# How do you integrate int (x-3x^2)/((x+9)(x-5)(x-7))  using partial fractions?

Oct 24, 2017

$\ln \left(\frac{{\left(x + 9\right)}^{\frac{9}{8}} {\left(x - 5\right)}^{\frac{5}{2}}}{x - 7} ^ \left(\frac{7}{4}\right)\right) + C$

#### Explanation:

First you'll need to split up the integrand into partial fractions.

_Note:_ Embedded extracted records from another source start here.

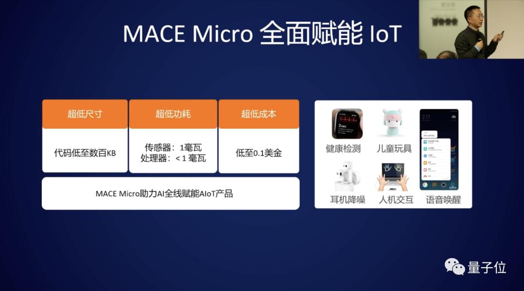 最后,王斌介绍了小米在AIoT开源上的工作,包括:小米自然语言处理平台MiNLP、在移动端使用的机器学习框架MACE、针对IoT设备的MACE Micro。其中MACE Micro是在去年小米开发者大会上开源的,这是一个用于微控制器的AI框架,可以在功效1毫瓦、成本0.1美元的边缘设备上运行,让更多AIoT设备可以在端侧拥有AI能力。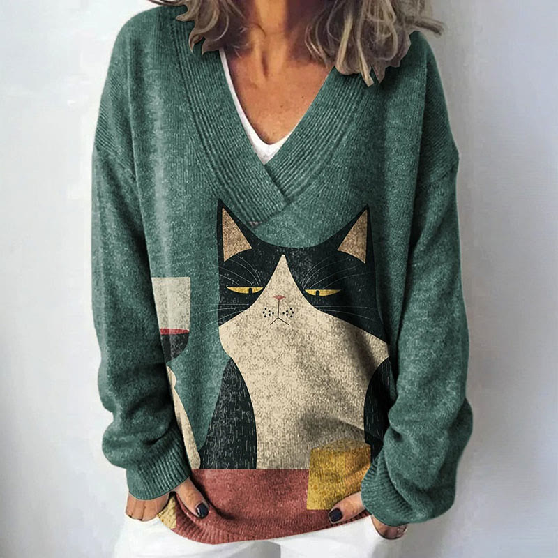 Vintage Cute Cat Print Causal V-neck Pullover Sweater
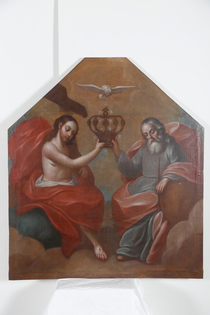 Sobre las tres pinturas que se atienden, la restauradora explica que, pese a que su estructura estaba en condiciones estables, desde los primeros días del año se inició su intervención con una limpieza en los reversos, afectados por polvo, telarañas, concreciones de tierra y huellas de un ataque de insectos.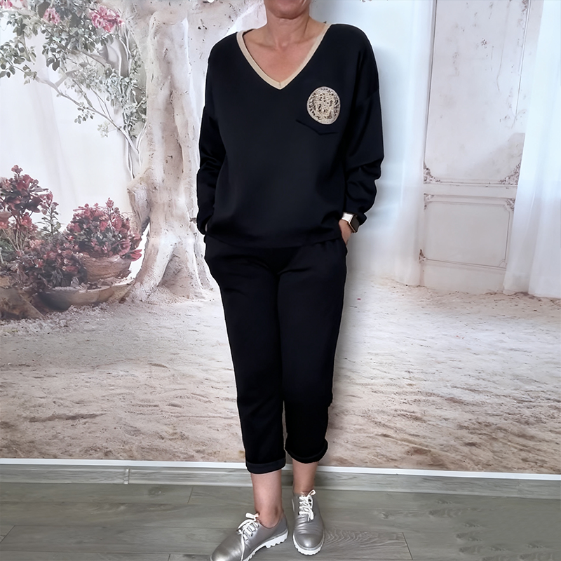 ELEGANT V-RINGAD ÖVERDEL - En klassisk V-ringad design som smickrar din urringning, komplett med en snygg dekorativ ficka för en touch av unik charm.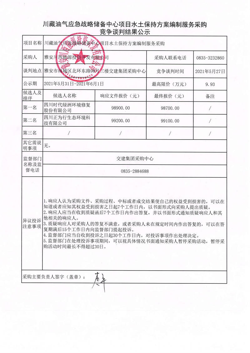 雅安川西能源投資開(kāi)發(fā)有限公司川藏油氣應(yīng)急戰(zhàn)略儲(chǔ)備中心項(xiàng)目水土保持方案編制服務(wù)采購(gòu)競(jìng)爭(zhēng)談判結(jié)果公示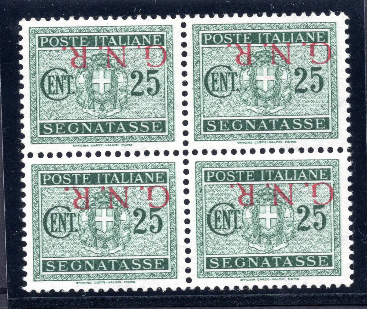 MNH - Vollgummi - - Steuermarken G.N.R. Cent. 25 Auflage Brescia Nr. 50/Das Viertel mit umgedrehtem Aufdruck - ein Exemplar auch mit kleiner Punktvariante nach dem G - Selten, nicht katalogisiert (evtl. 50/IAEC) - Ungefähres Angebot für Mängel über 3.000 Euro Cod.383/182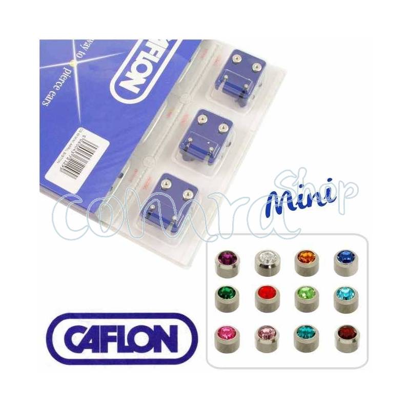 Pendiente o Piercing Caflon Original de Botón o Chatón, plateado con Piedra color surtido, tamaño "Mini". Chapados en plata, envase de 12 Pares, Caflon Inglaterra.

$\frac{x - 3 {x}^{2}}{\left(x + 9\right) \left(x - 5\right) \left(x - 7\right)} = \frac{A}{x + 9} + \frac{B}{x - 5} + \frac{C}{x - 7}$

$x - 3 {x}^{2} = A \left(x - 5\right) \left(x - 7\right) + B \left(x + 9\right) \left(x - 7\right) + C \left(x + 9\right) \left(x - 5\right)$

We'll substitute in the roots, $x = - 9 , 5 , 7$, to find each of the numerator constants.

$x = - 9$

$\left(- 9\right) - 3 \times {\left(- 9\right)}^{2} = A \times \left(- 9 - 5\right) \times \left(- 9 - 7\right)$

$- 252 = A \times - 14 \times - 16$

$A = \frac{9}{8}$

$x = 5$

$\left(5\right) - 3 {\left(5\right)}^{2} = B \times \left(5 + 9\right) \times \left(5 - 7\right)$

$- 70 = B \times 14 \times - 2$

$B = \frac{5}{2}$

$x = 7$

$\left(7\right) - 3 {\left(7\right)}^{2} = C \times \left(7 + 9\right) \times \left(7 - 2\right)$

$- 140 = C \times 16 \times 5$

$C = - \frac{7}{4}$

Therefore, we now have that

$\frac{x - 3 {x}^{2}}{\left(x + 9\right) \left(x - 5\right) \left(x - 7\right)} = \frac{\frac{9}{8}}{x + 9} + \frac{\frac{5}{2}}{x - 5} - \frac{\frac{7}{4}}{x - 7}$

Integrating $\frac{a}{x + b}$ gives you $a \ln \left(x + b\right)$, so

$\int \frac{\frac{9}{8}}{x + 9} + \frac{\frac{5}{2}}{x - 5} - \frac{\frac{7}{4}}{x - 7} \mathrm{dx} =$

$\frac{9}{8} \ln \left(x + 9\right) + \frac{5}{2} \ln \left(x - 5\right) - \frac{7}{4} \ln \left(x - 7\right) + C$

$= \ln \left(\frac{{\left(x + 9\right)}^{\frac{9}{8}} {\left(x - 5\right)}^{\frac{5}{2}}}{x - 7} ^ \left(\frac{7}{4}\right)\right) + C$